Nous avons parlé des intellectuels occidentaux, surtout français, qui donnent une vision tendancieuse de l’islam, sans pour autant s’être convertis. Mais il faut évoquer aussi la cohorte des musulmans qui veulent donner à l’extérieur du monde islamique une image aussi rassurante que fallacieuse de leur religion et qui réussissent d’autant mieux à nous berner que nous sommes trop heureux d’entendre ce que nous avions envie d’entendre. Il faut savoir que l’islam a fait une doctrine de la dissimulation (taqiyeh), que tout bon musulman a le devoir de pratiquer, le cas échéant, dans l’intérêt de sa religion, pour garder le secret (ketman) sur ce qu’elle est réellement. Autrement dit, l’hypocrisie et le mensonge, qui sont un péché pour un chrétien, sont au contraire recommandés comme une vertu par l’islam, lorsque le rapport de forces les rend nécessaires. La taqiyeh a été pratiquée sur une grande échelle par les chiites et les membres des autres sectes dissidentes, pour échapper à la persécution et à la mort, dans des pays dominés par l’orthodoxie sunnite. Et, après la Reconquista, les musulmans d’Espagne ont obtenu des oulémas (docteurs de la loi islamique) d’Afrique du nord, des fatwas qui les autorisaient à pratiquer clandestinement leur religion, en feignant d’être chrétiens, situation qui a perduré pendant un siècle jusqu’à l’expulsion de ces “Morisques”, en 1609.
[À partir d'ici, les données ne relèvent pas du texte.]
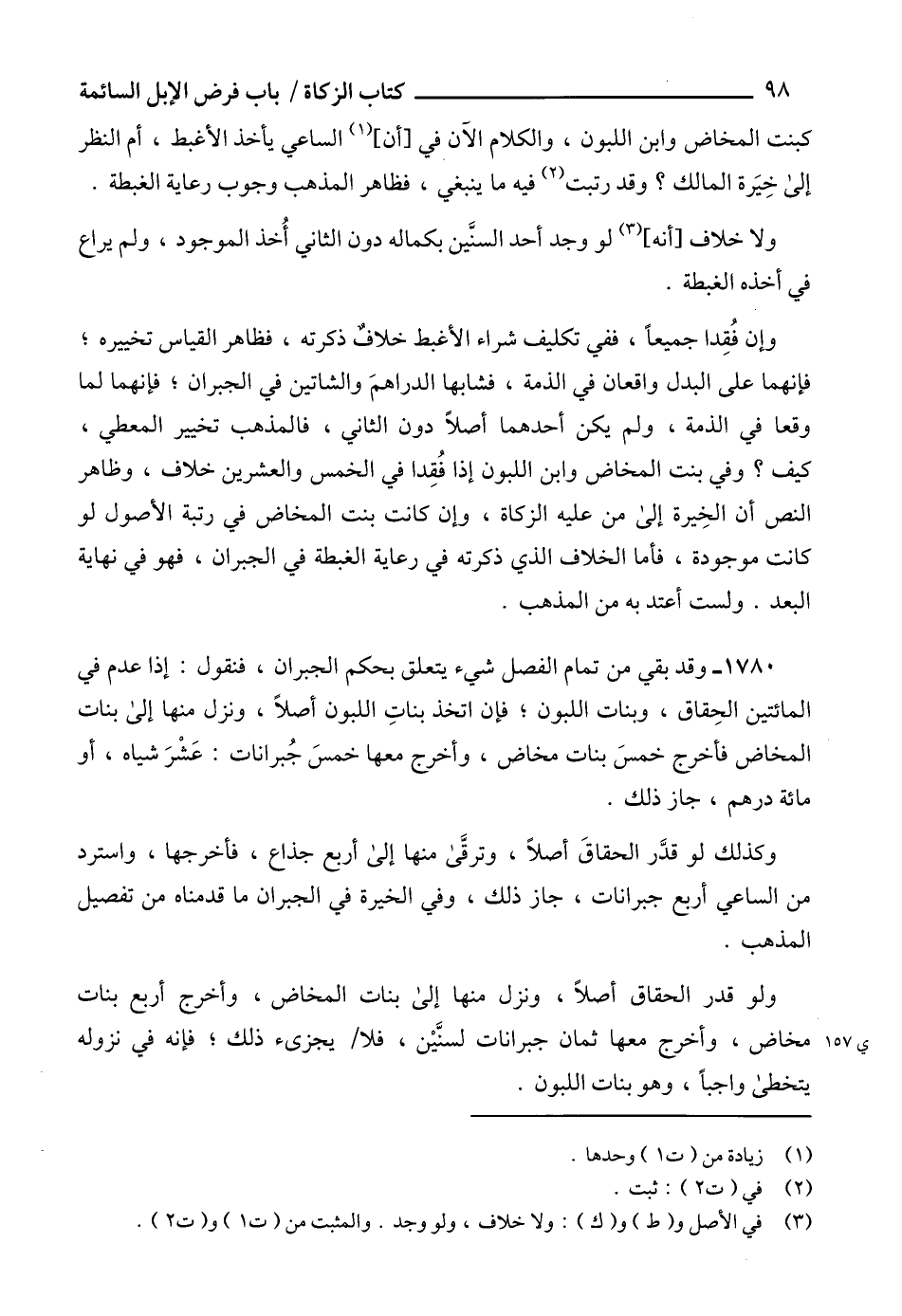 1780 - وقد بقي من تمام الفصل شيء يتعلق بحكم الجبران، فنقول: إذا عدم في المائتين الحِقاق، وبنات اللبون؛ فإن اتخذ بناتِ اللبون أصلاً، ونزل منها إلى بنات المخاض فأخرج خمسَ بنات مخاض، وأخرج معها خمسَ جُبرانات: عَشْرَ شياه، أو مائة درهم، جاز ذلك.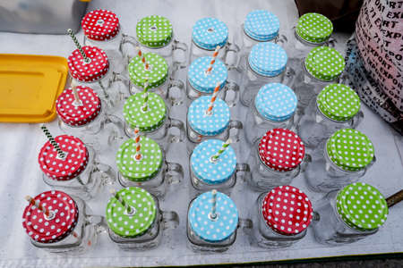 Refreshing Brown Soda in bottles in Candy Bar On Table. Delicious sweet buffet.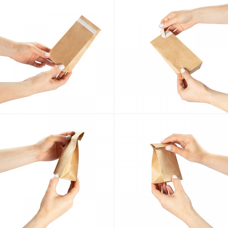- Благодаря прямоугольному дну, крафт-пакеты можно ставить вертикально (например, на полку в супермаркете или в шкафу).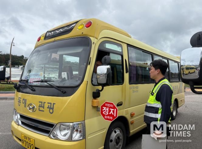 미담타임스 김준완 기자 | 영덕교육지원청은 2025년 10월 21일 영덕군민운동장 주차장에서 영덕경찰서, 한국교통안전공단과 합동으로 2025년 하반기 어린이 통학버스 합동 안전점검을 실시했다.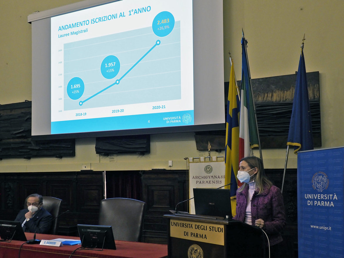 «I dati delle iscrizioni che presentiamo oggi sono davvero confortanti – commenta il Rettore Paolo Andrei – considerate le difficili condizioni in cui tutto il sistema universitario si è venuto a trovare a causa dell’emergenza sanitaria e tenuto conto degli sforzi che tutti noi abbiamo compiuto per garantire continuità didattica e diritto allo studio. L’impegno profuso dalla nostra Università, così come dall’intero sistema universitario, ha consentito di affrontare le difficoltà causate dalla pandemia sviluppando ancora una volta, con tutte le energie possibili, una strategia di investimento sui giovani e sulle loro straordinarie qualità. E i giovani hanno risposto molto bene, dimostrando la loro voglia di apprendere, di confrontarsi e di impegnarsi in un percorso che all’Università di Parma vuole essere di crescita umana e culturale. Proprio su questo desidero soffermarmi in modo particolare: sul senso di responsabilità e sull’impegno dimostrato dall’intera comunità universitaria di Parma, in tutte le sue componenti. E ai nuovi studenti che da poche settimane sono entrati a farne parte desidero porgere un affettuoso benvenuto, nella certezza che sapranno incarnare questi valori con ulteriore slancio e vivacità».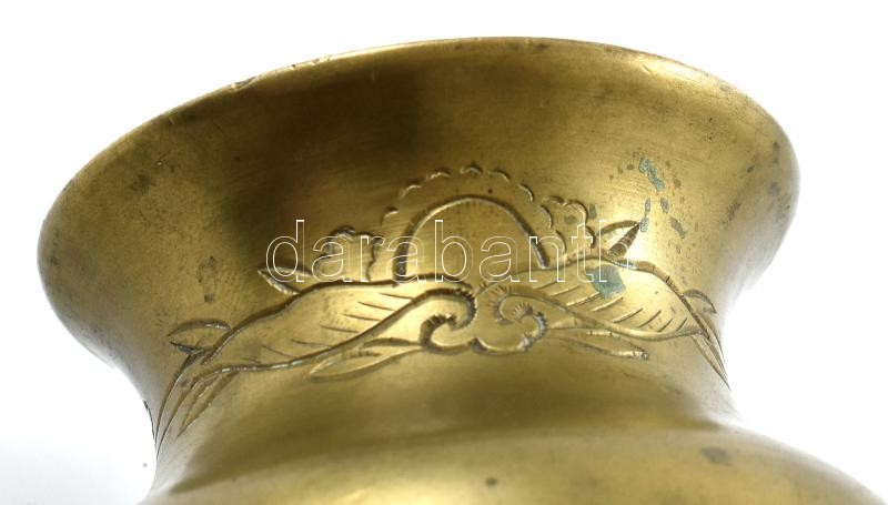 Beschreibung: Japán 1920 körül bronz váza, relief sakura (cseresznyevirágzás) és madár ábrázolással, kopásnyomokkal, alja javított, m: 18 cm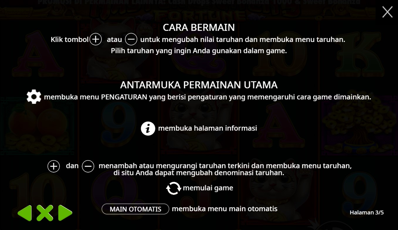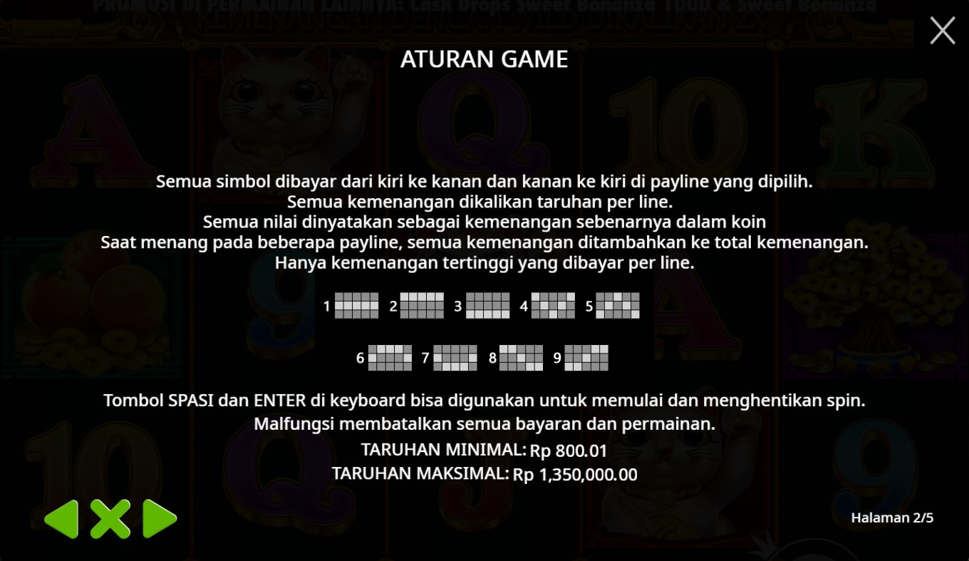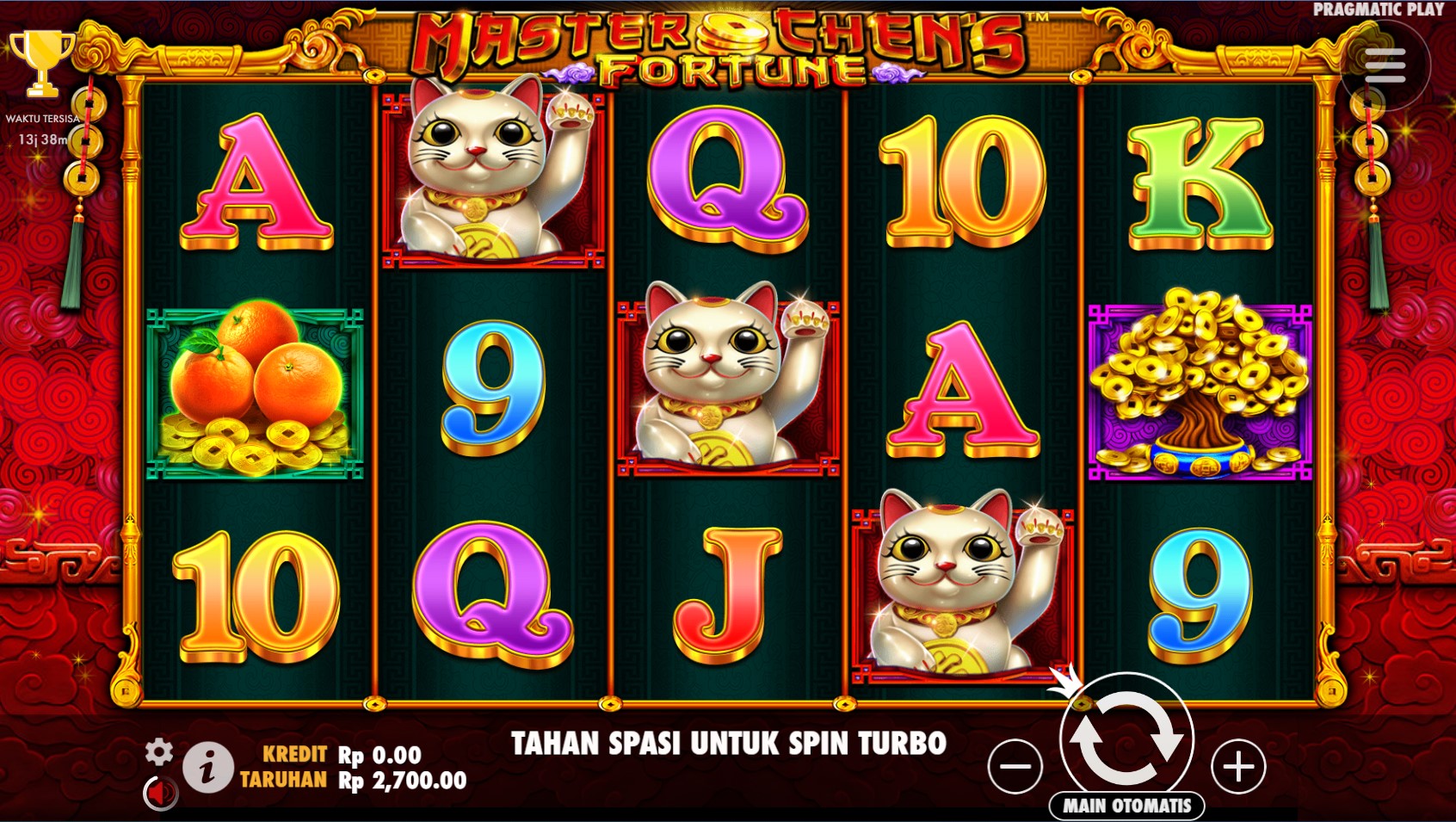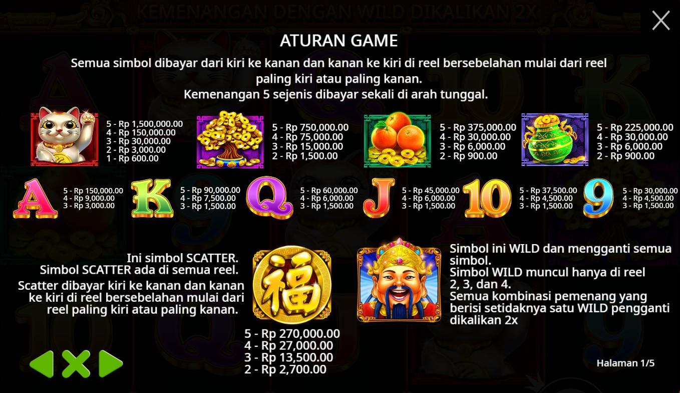 Master Chen's Fortune adalah slot online yang membawa pemain ke dalam dunia kekayaan dan kemakmuran yang berasal dari Asia. Diproduksi oleh Pragmatic Play, provider game terkemuka, Master Chen's Fortune menghadirkan pengalaman bermain yang penuh keajaiban. Dengan grafik yang indah dan detail yang memukau, pemain akan seolah-olah terbawa ke dalam suasana kuil China yang mistis. Berbagai simbol khas budaya China, seperti Naga, Koi, dan Topi Mandarinmemenuhi reels, memberikan kesan yang kental akan kearifan lokal Asia.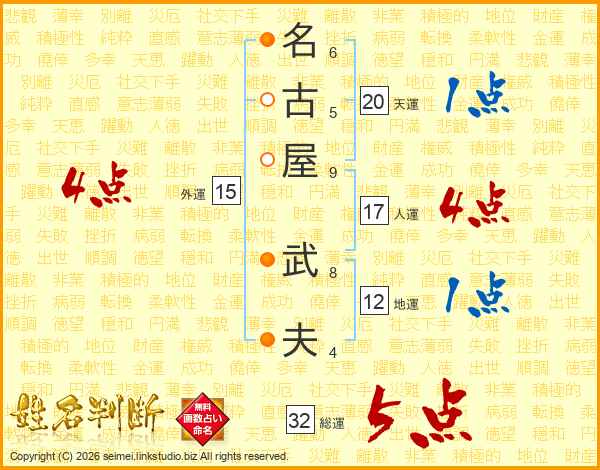 名(6画)古(5画)屋(9画) 武(8画)夫(4画)

Il faut donc être très circonspect à l’égard des discours que les pieux musulmans tiennent à l’intention des Occidentaux. La désinformation s’y mêle étroitement à l’information. C’est ainsi, par exemple, que le port du voile par les femmes, qui est une obligation imposée par la charia (la loi coranique), nous est présentée comme un droit de l’homme (ici, de la femme)…

Ne soyons pas naïfs. Ce double langage n’est pas l’exception, mais la règle. Un partage des rôles s’est institué entre les orientalistes qui proclament doctement le déclin de l’islamisme et les propagandistes de l’islam en Occident qui nous présentent le visage avenant d’une religion tolérante et pacifique – ce qui n’a rien à voir avec le véritable islam.

On nous dit que le djihad n’est pas la guerre sainte, mais un effort spirituel que l’on exerce sur soi-même pour s’améliorer. Il faut vraiment ne jamais avoir lu une ligne du Coran – ou n’en connaître que des traductions expurgées et trafiquées pour tomber dans le panneau. Le grand islamologue Maxime Rodinson rétablit ainsi la vérité : « Le “djihad”, c’est l’obligation, dans la doctrine musulmane classique, de mener la lutte, en particulier la guerre, pour étendre le domaine de la vérité, c’est-à-dire le domaine de l’islam. C’est ce qu’on appelle souvent la guerre sainte. Les apologistes de l’islam, qu’ils soient européens ou arabes, persans ou turcs, vous disent que le mot “djihad” veut dire effort, c’est vrai. Mais l’effort, pour l’essentiel, pour la religion, a consisté pendant des siècles à défendre et à étendre les domaines conquis au départ ; donc on peut dire, très sommairement, très brutalement, en simplifiant d’une façon outrancière, que le “djihad”, c’est la guerre sainte. »

On pourrait multiplier les exemples des déformations et des désinformations qui portent sur les concepts-clés de l’islam. L’une des moindres n’est pas de nous faire croire que l’islam est “laïc”, parce qu’il n’aurait pas de clergé. Or, l’islam est tout sauf laïc, puisqu’il ignore la distinction de l’Etat et de la religion et, s’il n’a pas de sacerdoce, il est encombré par ses mollahs et autres oulémas, qui constituent bien l’équivalent d’un clergé, tant chez les sunnites que chez les chiites.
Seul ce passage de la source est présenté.